In the entries below, begin at the line with "Equi Bette VS" and stop after the line with "The Straight Edge"; output those lines exactly and omit the pictures.
*** Opening DATASET EXTRACT ***
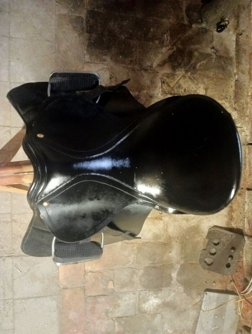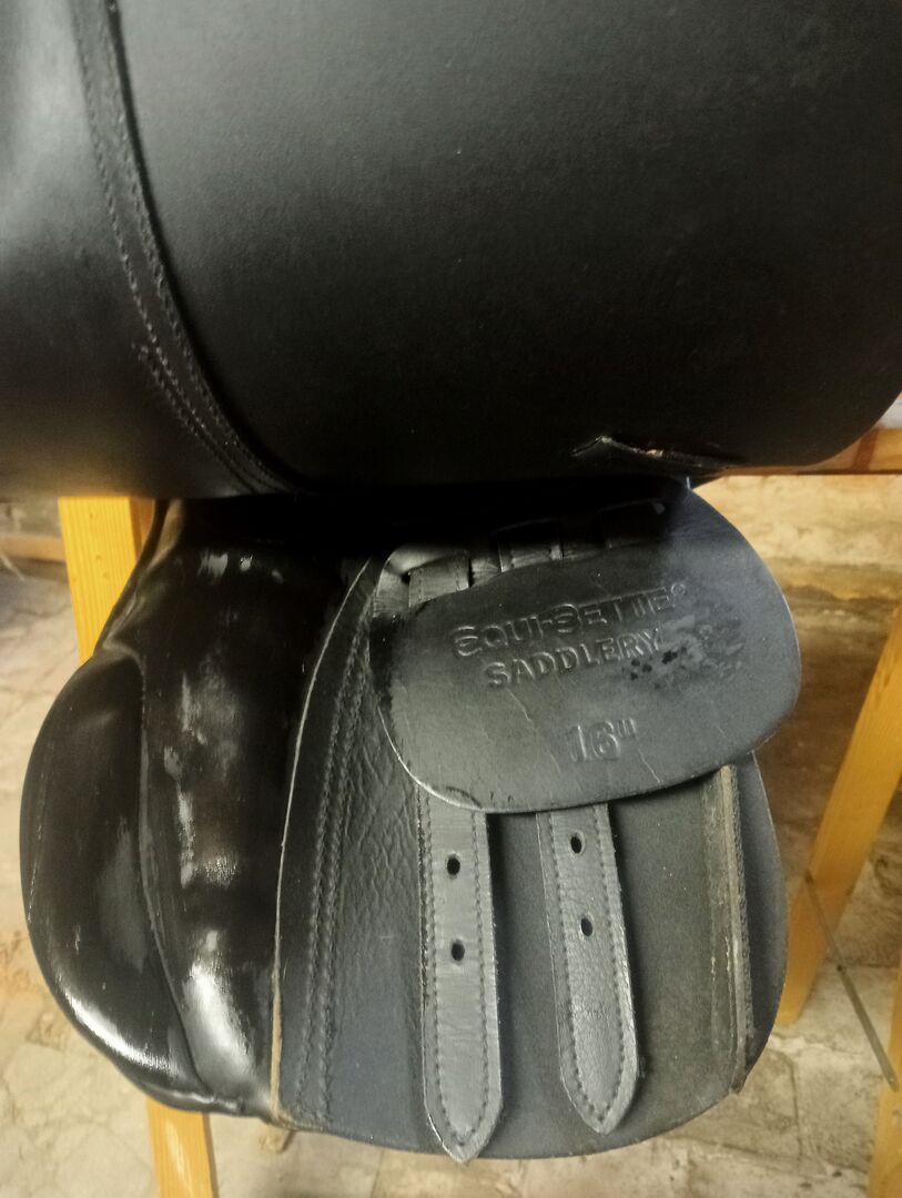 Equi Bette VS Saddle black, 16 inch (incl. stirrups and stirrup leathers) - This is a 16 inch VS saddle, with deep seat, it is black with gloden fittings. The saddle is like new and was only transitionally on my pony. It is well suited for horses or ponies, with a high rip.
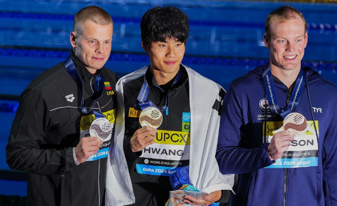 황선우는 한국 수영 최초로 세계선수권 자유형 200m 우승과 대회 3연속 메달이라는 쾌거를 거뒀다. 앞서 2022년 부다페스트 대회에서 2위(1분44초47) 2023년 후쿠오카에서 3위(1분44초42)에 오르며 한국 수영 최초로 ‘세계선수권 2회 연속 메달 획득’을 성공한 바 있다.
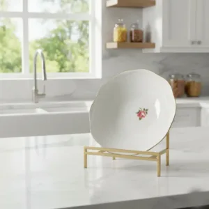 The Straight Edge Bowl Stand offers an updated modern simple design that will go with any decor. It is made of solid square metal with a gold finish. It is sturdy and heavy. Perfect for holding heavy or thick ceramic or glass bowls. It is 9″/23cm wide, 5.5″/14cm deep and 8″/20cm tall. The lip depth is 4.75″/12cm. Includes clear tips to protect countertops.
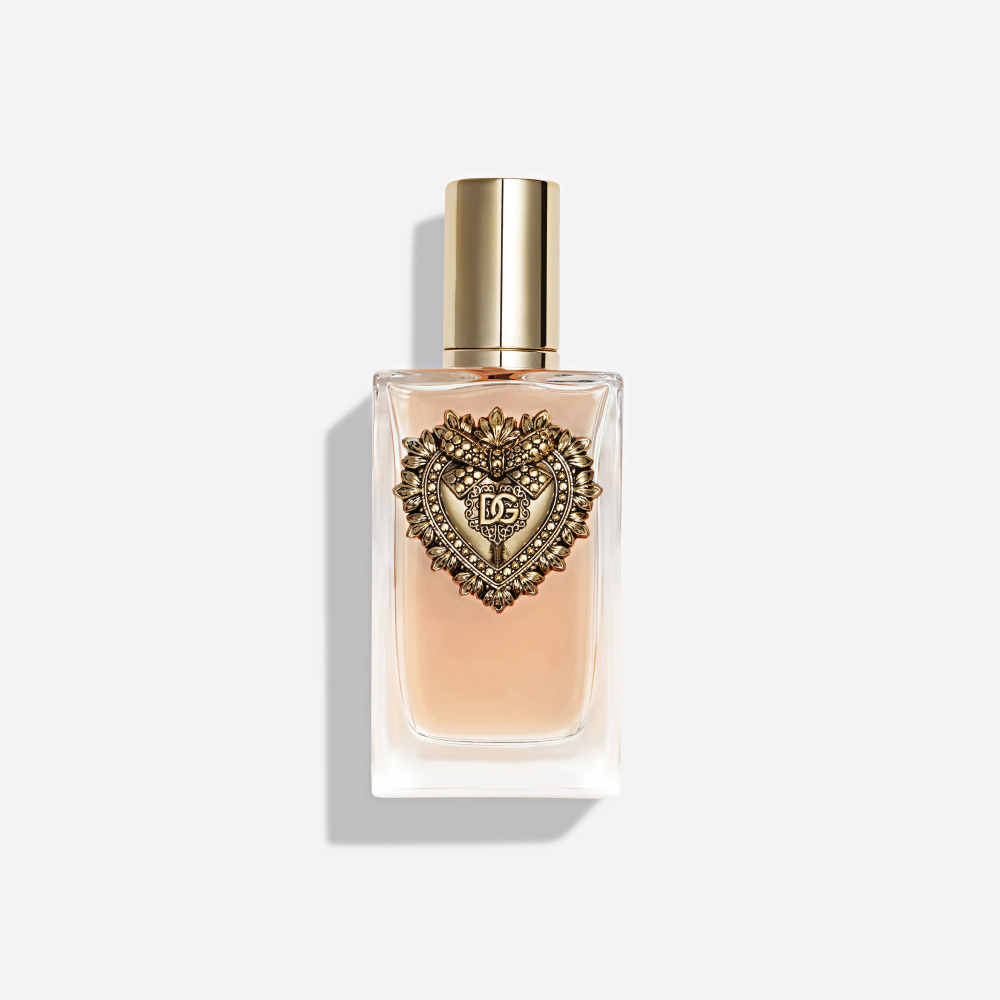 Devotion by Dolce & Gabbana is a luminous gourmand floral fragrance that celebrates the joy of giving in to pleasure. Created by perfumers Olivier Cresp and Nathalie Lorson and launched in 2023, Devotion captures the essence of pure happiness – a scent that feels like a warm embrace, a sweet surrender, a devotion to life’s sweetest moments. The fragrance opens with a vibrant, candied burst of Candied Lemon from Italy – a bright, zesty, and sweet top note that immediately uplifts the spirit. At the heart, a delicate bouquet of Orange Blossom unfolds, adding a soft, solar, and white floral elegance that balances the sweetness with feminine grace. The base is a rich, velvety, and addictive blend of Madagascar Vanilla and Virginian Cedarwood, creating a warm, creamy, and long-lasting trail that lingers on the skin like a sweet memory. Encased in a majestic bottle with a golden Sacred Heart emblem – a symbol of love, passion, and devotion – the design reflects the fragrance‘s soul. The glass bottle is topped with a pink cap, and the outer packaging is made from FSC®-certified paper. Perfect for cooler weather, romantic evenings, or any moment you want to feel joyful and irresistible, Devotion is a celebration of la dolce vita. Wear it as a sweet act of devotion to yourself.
*** Closing DATASET EXTRACT ***
*** Opening DATASET EXTRACT ***
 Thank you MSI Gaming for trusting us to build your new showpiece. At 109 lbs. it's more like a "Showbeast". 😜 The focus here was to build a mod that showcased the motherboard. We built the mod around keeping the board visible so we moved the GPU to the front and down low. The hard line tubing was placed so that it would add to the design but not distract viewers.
*** Closing DATASET EXTRACT ***
= WRITTEN SOLUTION =
 Equi Bette VS Saddle black, 16 inch (incl. stirrups and stirrup leathers) - This is a 16 inch VS saddle, with deep seat, it is black with gloden fittings. The saddle is like new and was only transitionally on my pony. It is well suited for horses or ponies, with a high rip.
 황선우는 한국 수영 최초로 세계선수권 자유형 200m 우승과 대회 3연속 메달이라는 쾌거를 거뒀다. 앞서 2022년 부다페스트 대회에서 2위(1분44초47) 2023년 후쿠오카에서 3위(1분44초42)에 오르며 한국 수영 최초로 ‘세계선수권 2회 연속 메달 획득’을 성공한 바 있다.
 The Straight Edge Bowl Stand offers an updated modern simple design that will go with any decor. It is made of solid square metal with a gold finish. It is sturdy and heavy. Perfect for holding heavy or thick ceramic or glass bowls. It is 9″/23cm wide, 5.5″/14cm deep and 8″/20cm tall. The lip depth is 4.75″/12cm. Includes clear tips to protect countertops.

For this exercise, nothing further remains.